- AVAILABLE DATA
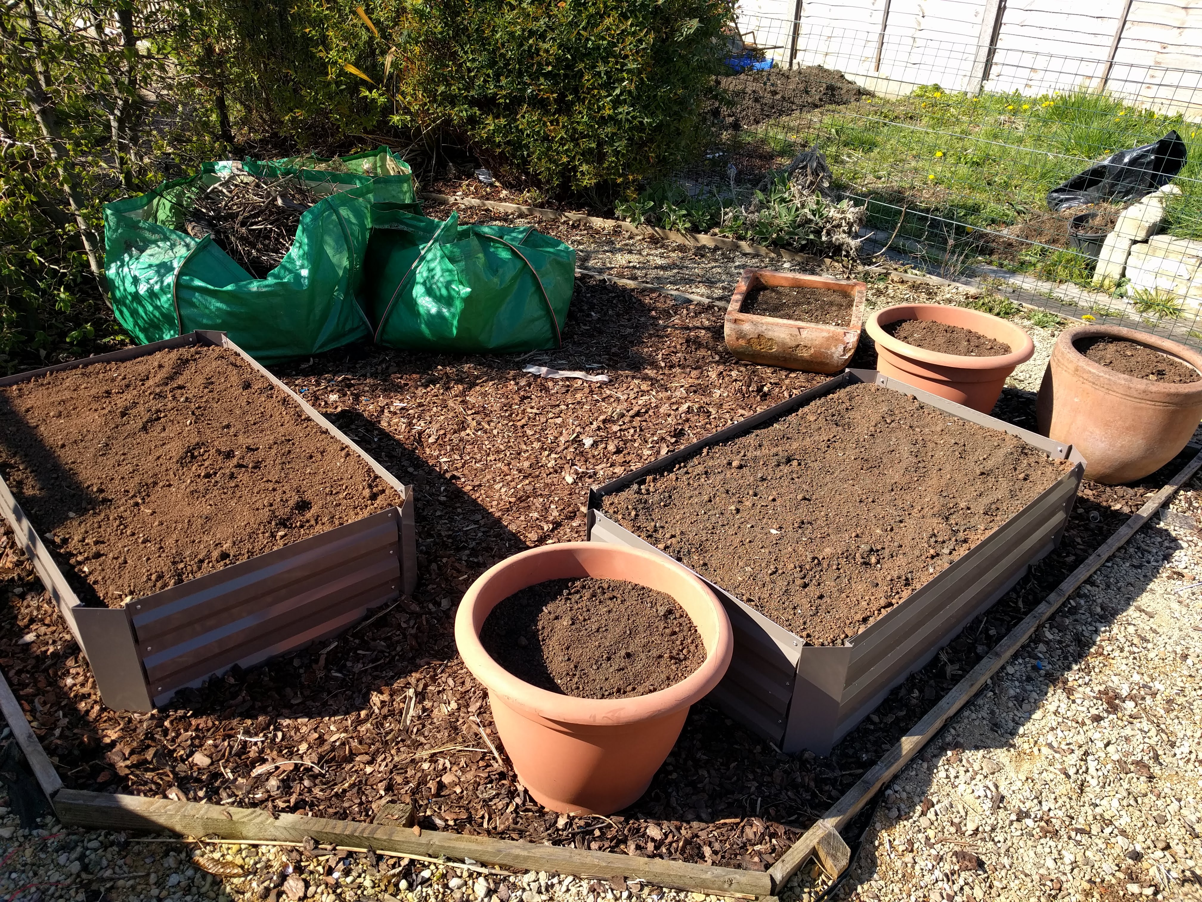 - I expanded the available growing area by using a couple of steel raised beds, planting up more of the pots we had and buying 5 x 35 litre pots, and 4 smaller pots.
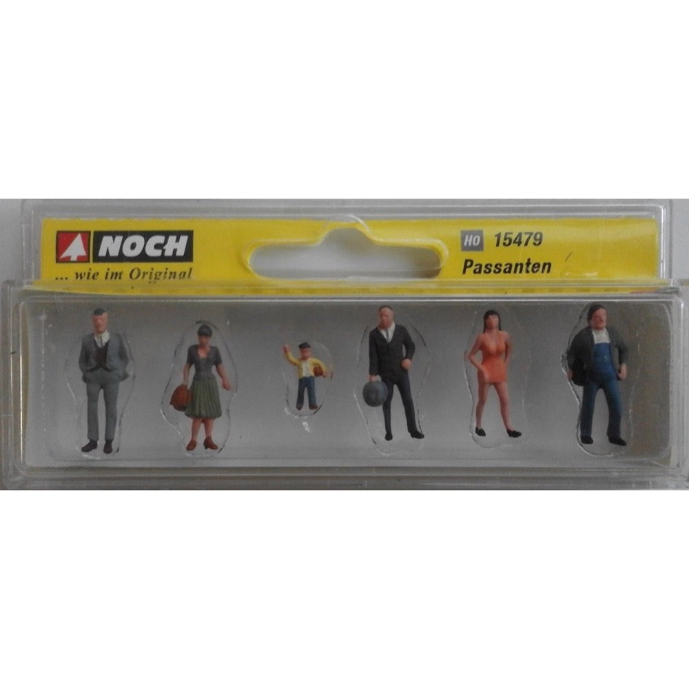The set contains six standing figures for H0 gauge. A gentleman in a gray suit and a girl in a yellow minidress stand waiting. Another man wearing grey pants and a brown jacket carries a large bag. A young mother in a green pleated skirt is holding her little son by the hand. A worker in blue working pants and brown-green jacket stands waiting. This set is ideal for decorating town or village scenes on model railway layouts. The model figures are especially suitable for the design of platforms and bus stops.
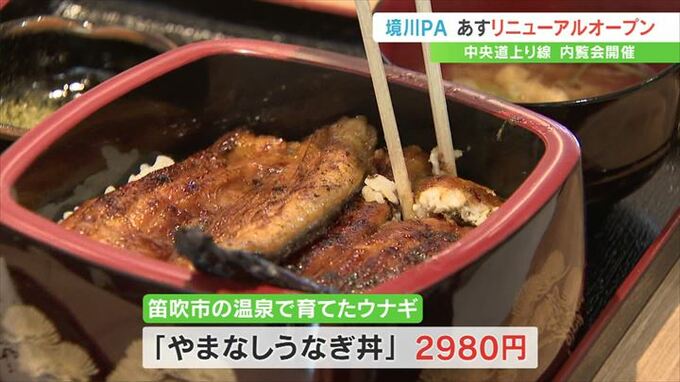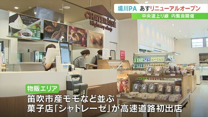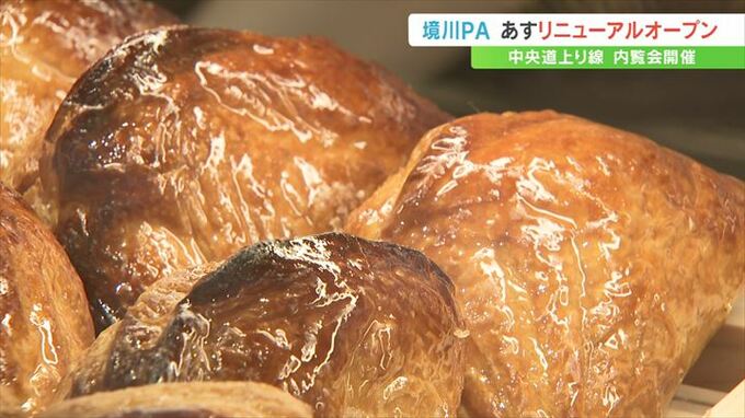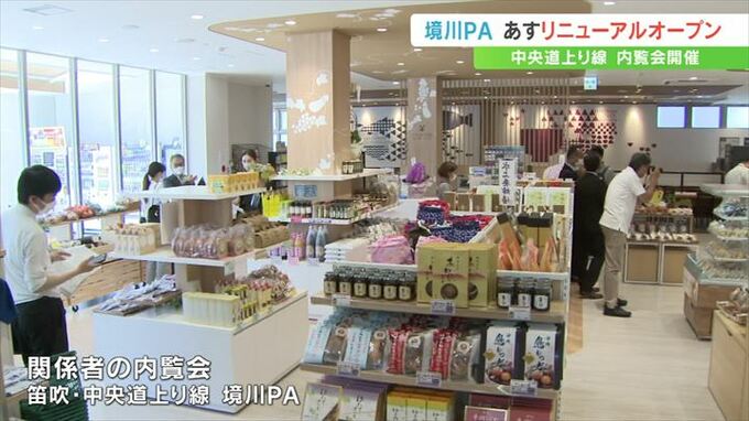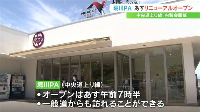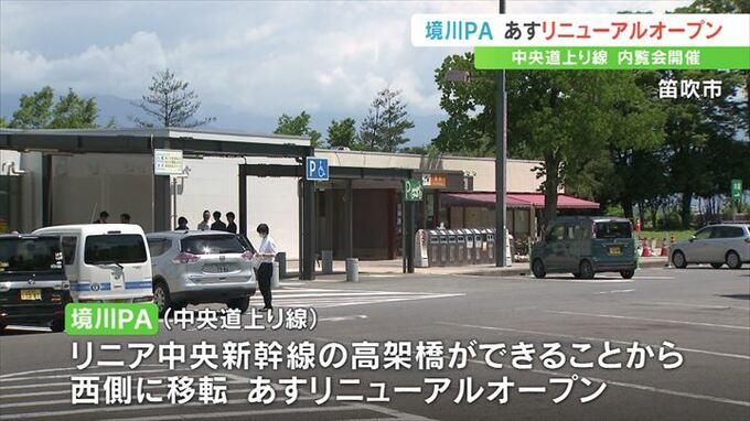山梨県の中央道 上り線の境川パーキングエリアが14日にリニューアルオープンするのを前に、13日に内覧会が開かれました。
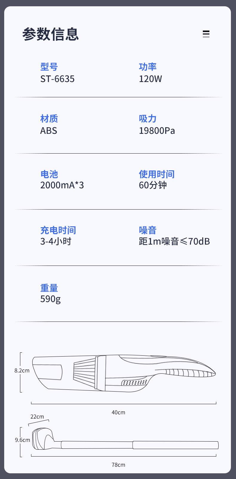 【ST-6635do】Aspiradora inalámbrica-Modelo básico2Festival7,4 VAproximadamente con embalaje:850 gramos
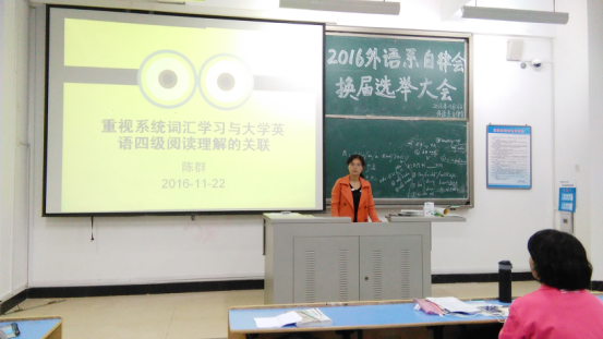 2016年11月22日下午3:00在beats365唯一官网入口官网新校区求知楼A201,外语系陈群老师开讲《重视系统词汇学习与大学英语四级阅读理解的关联》,为准备12月份大学英语四级考试的学生送来考前复习经验。
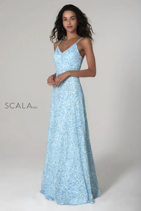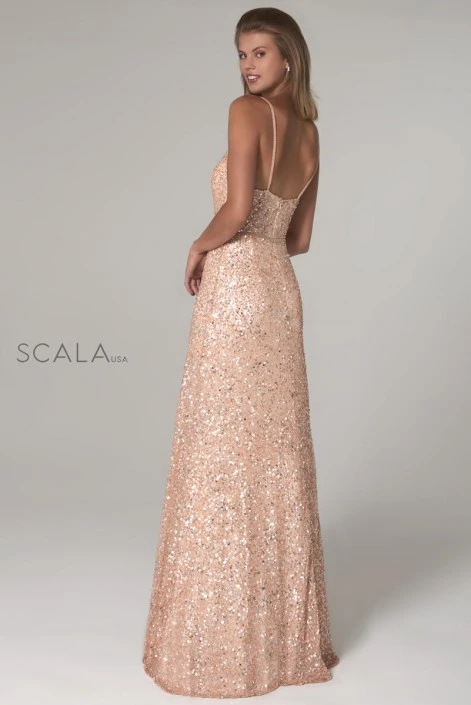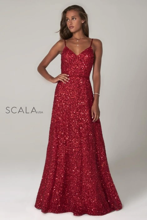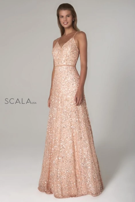 Style 60109 from Scala is a sequin A-line gown with a V neck and spaghetti straps.
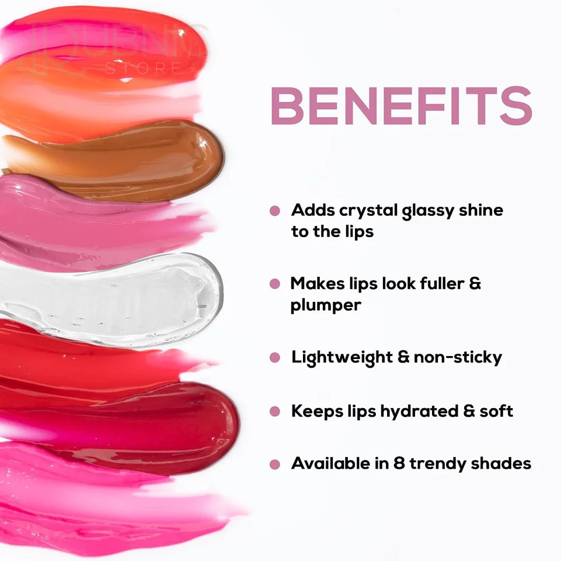 Our Crystal Ball Lip Gloss is the ultimate statement-making gloss. Inspired by the mystical properties of crystals, its ultra-glossy formula gives your lips a mesmerizing, otherworldly glow in eight trendy shades. Whether you want to channel your inner celestial diva or just add a touch of magic to your look, this gloss has got you covered. Top it over your favorite lip color or wear it alone, it will accentuate your lips and make them look plumper with a swipe. Its hydrating formula glides easily on the lips and keeps the lips soft and smooth. Enriched with nourishing oils and vitamins to keep your lips feeling soft and smooth, while sleek travel-friendly packaging makes it easy and quick to use even on the go! So go ahead and cast a spell on everyone you meet with RENEE Crystal Lip Gloss.

- REQUIRED WORK
Give back every record exactly. Omit the pictures.

- ANSWER TO THE EXERCISE
 - I expanded the available growing area by using a couple of steel raised beds, planting up more of the pots we had and buying 5 x 35 litre pots, and 4 smaller pots.
The set contains six standing figures for H0 gauge. A gentleman in a gray suit and a girl in a yellow minidress stand waiting. Another man wearing grey pants and a brown jacket carries a large bag. A young mother in a green pleated skirt is holding her little son by the hand. A worker in blue working pants and brown-green jacket stands waiting. This set is ideal for decorating town or village scenes on model railway layouts. The model figures are especially suitable for the design of platforms and bus stops.
山梨県の中央道 上り線の境川パーキングエリアが14日にリニューアルオープンするのを前に、13日に内覧会が開かれました。
 【ST-6635do】Aspiradora inalámbrica-Modelo básico2Festival7,4 VAproximadamente con embalaje:850 gramos
 2016年11月22日下午3:00在beats365唯一官网入口官网新校区求知楼A201,外语系陈群老师开讲《重视系统词汇学习与大学英语四级阅读理解的关联》,为准备12月份大学英语四级考试的学生送来考前复习经验。
 Style 60109 from Scala is a sequin A-line gown with a V neck and spaghetti straps.
 Our Crystal Ball Lip Gloss is the ultimate statement-making gloss. Inspired by the mystical properties of crystals, its ultra-glossy formula gives your lips a mesmerizing, otherworldly glow in eight trendy shades. Whether you want to channel your inner celestial diva or just add a touch of magic to your look, this gloss has got you covered. Top it over your favorite lip color or wear it alone, it will accentuate your lips and make them look plumper with a swipe. Its hydrating formula glides easily on the lips and keeps the lips soft and smooth. Enriched with nourishing oils and vitamins to keep your lips feeling soft and smooth, while sleek travel-friendly packaging makes it easy and quick to use even on the go! So go ahead and cast a spell on everyone you meet with RENEE Crystal Lip Gloss.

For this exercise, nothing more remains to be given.